How to calculate sample addition. Standard Addition Method
IN one standard solution method measure the value of the analytical signal (y st) for a solution with a known concentration of the substance (C st). Then the magnitude of the analytical signal (y x) is measured for a solution with an unknown concentration of the substance (C x).
This calculation method can be used if the dependence of the analytical signal on concentration is described by a linear equation without a free term. The concentration of the substance in the standard solution must be such that the values of the analytical signals obtained when using the standard solution and a solution with an unknown concentration of the substance are as close as possible to each other.
IN method of two standard solutions measure the values of analytical signals for standard solutions with two different concentrations of a substance, one of which (C 1) is less than the expected unknown concentration (C x), and the second (C 2) is greater.
or 
The method of two standard solutions is used if the dependence of the analytical signal on concentration is described by a linear equation that does not pass through the origin.

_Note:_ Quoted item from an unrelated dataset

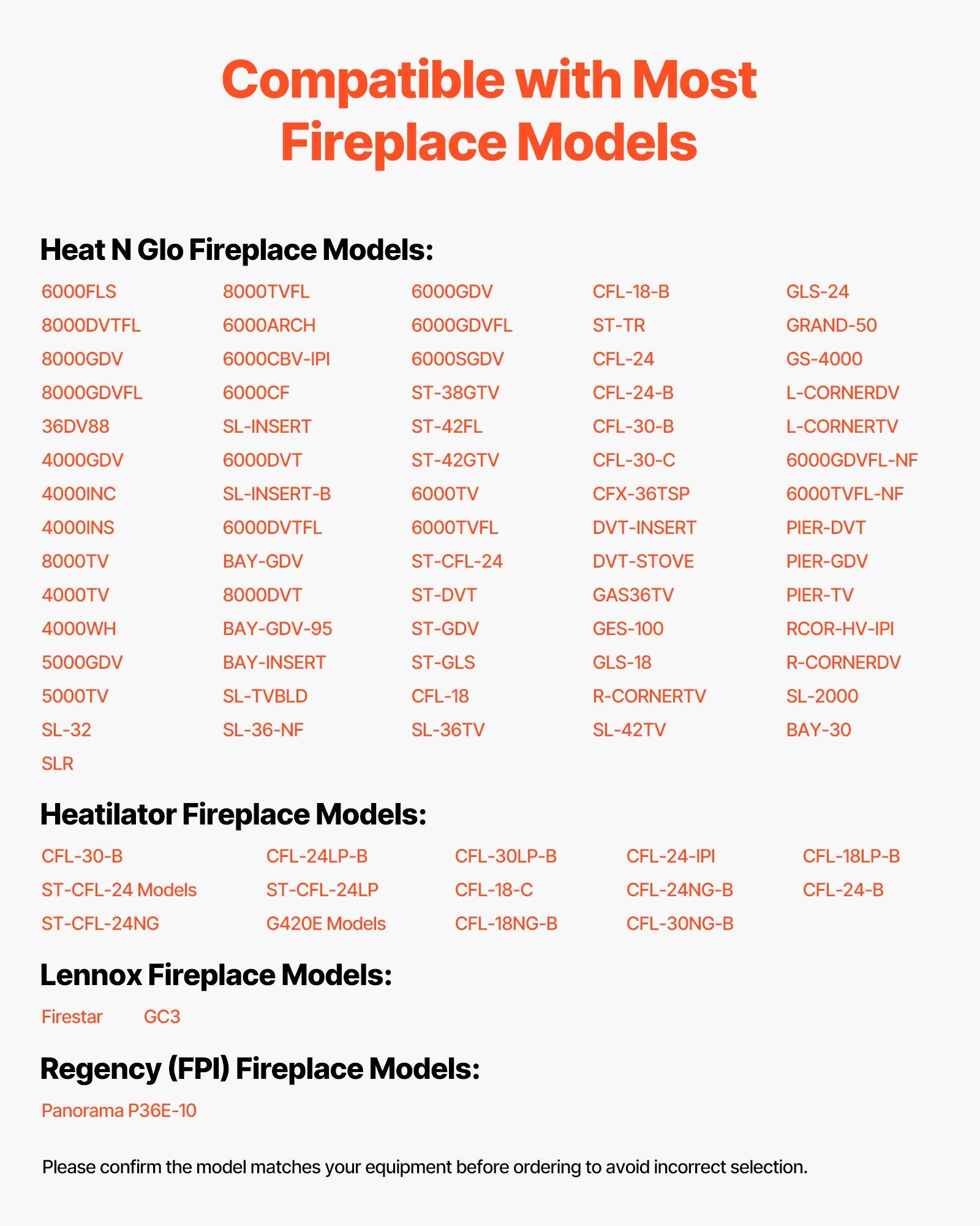 - Bred kompatibilitet: Denna gaspilottändningsenhet är kompatibel med de flesta vanliga eldstäder. Den passar inte bara eldstäderna Heat & Glo, Heatilator, Lennox och Regency, utan även varmvattenberedare och köksspisar.

Example 10.2.To determine the unknown concentration of a substance, two standard solutions were used: the concentration of the substance in the first of them is 0.50 mg/l, and in the second - 1.50 mg/l. The optical densities of these solutions were 0.200 and 0.400, respectively. What is the concentration of the substance in a solution whose optical density is 0.280?
Additive Method
The additive method is usually used in the analysis of complex matrices, when the matrix components affect the magnitude of the analytical signal and it is impossible to accurately copy the matrix composition of the sample. This method can only be used if the calibration graph is linear and passes through the origin.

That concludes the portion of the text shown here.